Homotopy principles for equivariant isomorphisms (1503.00797v4)

Abstract: Let $G$ be a reductive complex Lie group acting holomorphically on Stein manifolds $X$ and $Y$. Let $p_X\colon X\to Q_X$ and $p_Y\colon Y\to Q_Y$ be the quotient mappings. When is there an equivariant biholomorphism of $X$ and $Y$? A necessary condition is that the categorical quotients $Q_X$ and $Q_Y$ are biholomorphic and that the biholomorphism $\phi$ sends the Luna strata of $Q_X$ isomorphically onto the corresponding Luna strata of $Q_Y$. Fix $\phi$. We demonstrate two homotopy principles in this situation.

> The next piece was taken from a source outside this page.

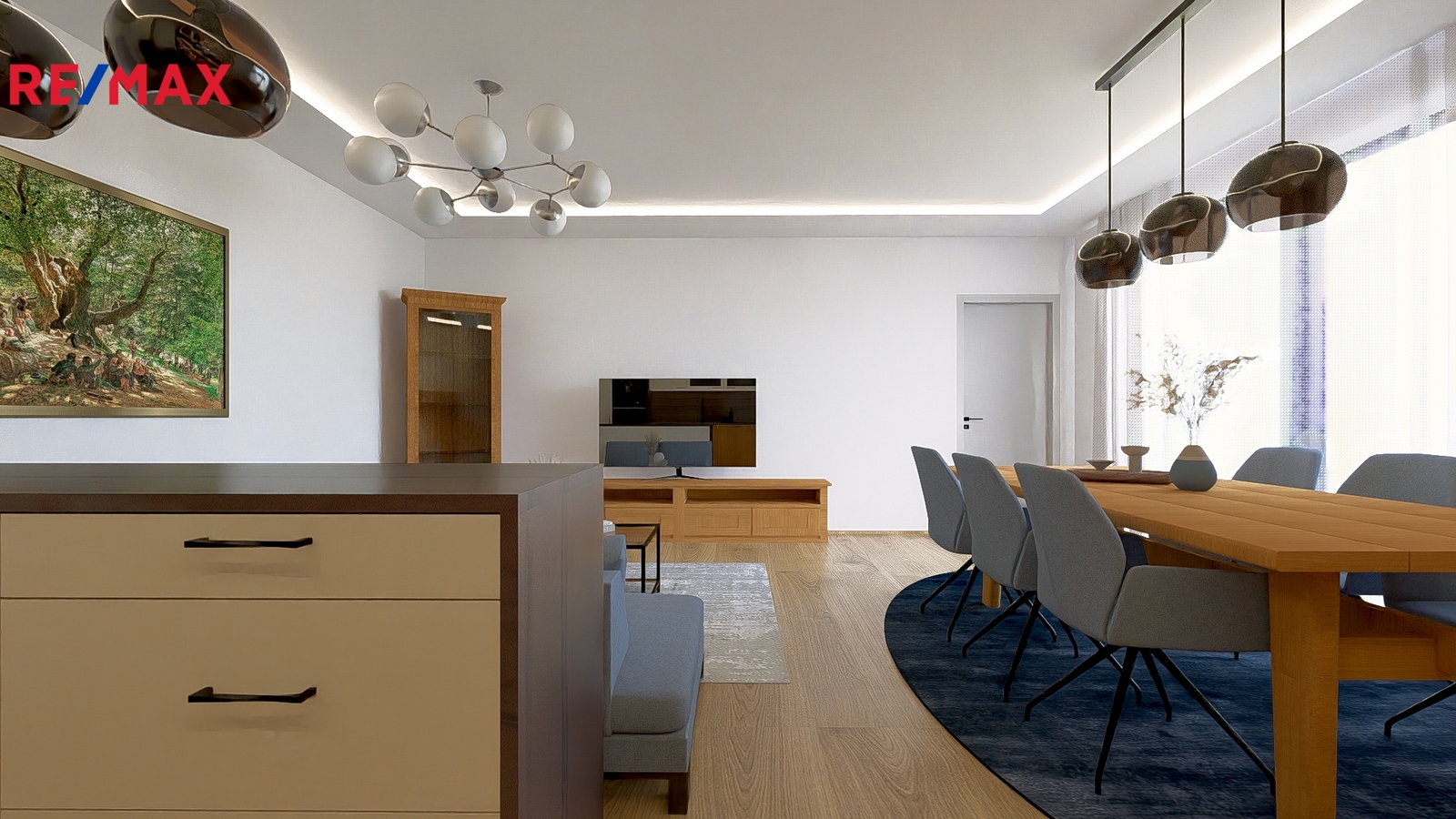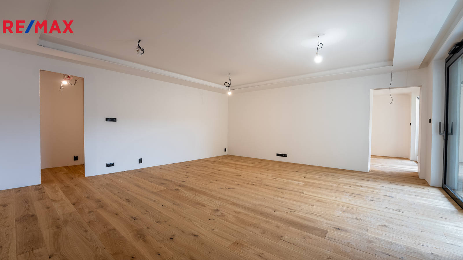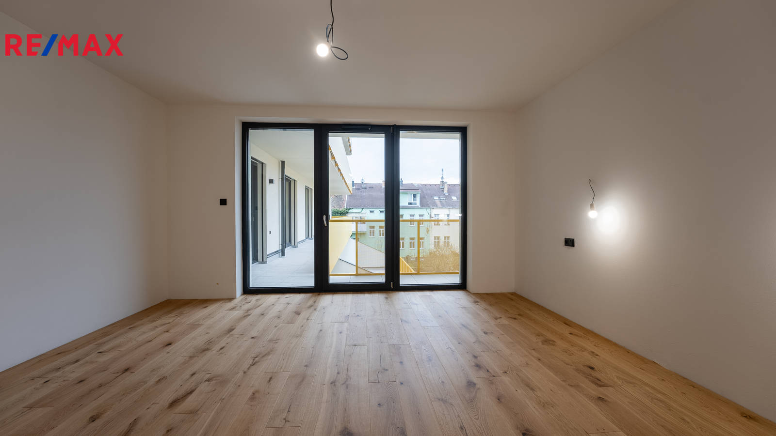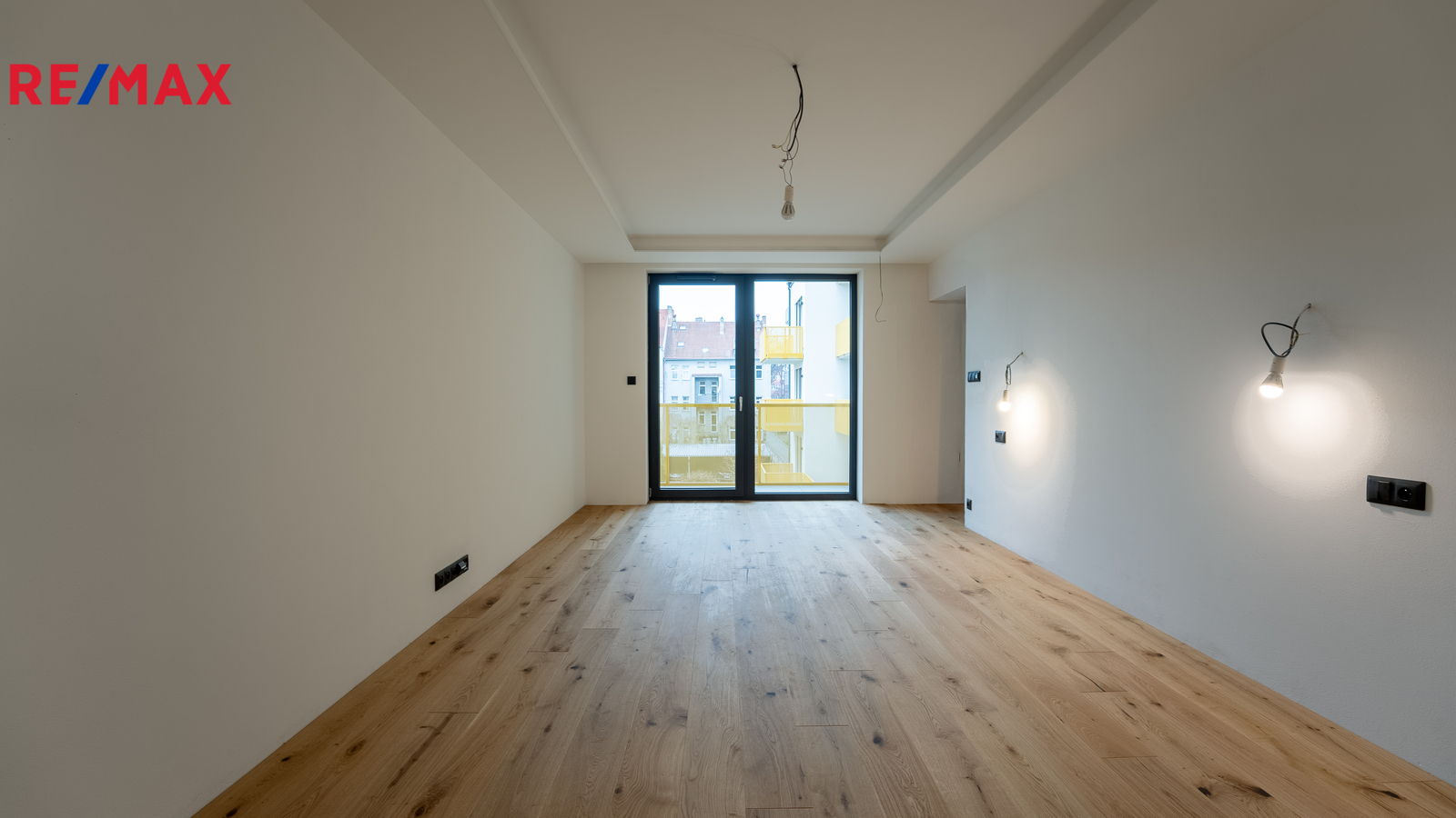 Dominantou bytu je velkorysý obývací pokoj s kuchyňským koutem a praktickou spíží, jehož plocha odpovídá bytu 1+kk. Ložnice je umístěna v klidové části bytu a nabízí maximální soukromí – disponuje vlastní šatnou a koupelnou. Druhá, prostorná koupelna je situována centrálně a je pohodlně dostupná z celého bytu.

The first result says that if there is a $G$-diffeomorphism $\Phi\colon X\to Y$, inducing $\phi$, which is $G$-biholomorphic on the reduced fibres of the quotient mappings, then $\Phi$ is homotopic, through $G$-diffeomorphisms satisfying the same conditions, to a $G$-equivariant biholomorphism from $X$ to $Y$. The second result roughly says that if we have a $G$-homeomorphism $\Phi\colon X\to Y$ which induces a continuous family of $G$-equivariant biholomorphisms of the fibres $p_X^{-1}(q)$ and $p_Y^{-1}(\phi(q))$ for $q\in Q_X$ and if $X$ satisfies an auxiliary property (which holds for most $X$), then $\Phi$ is homotopic, through $G$-homeomorphisms satisfying the same conditions, to a $G$-equivariant biholomorphism from $X$ to $Y$. Our results improve upon earlier work of the authors and use new ideas and techniques.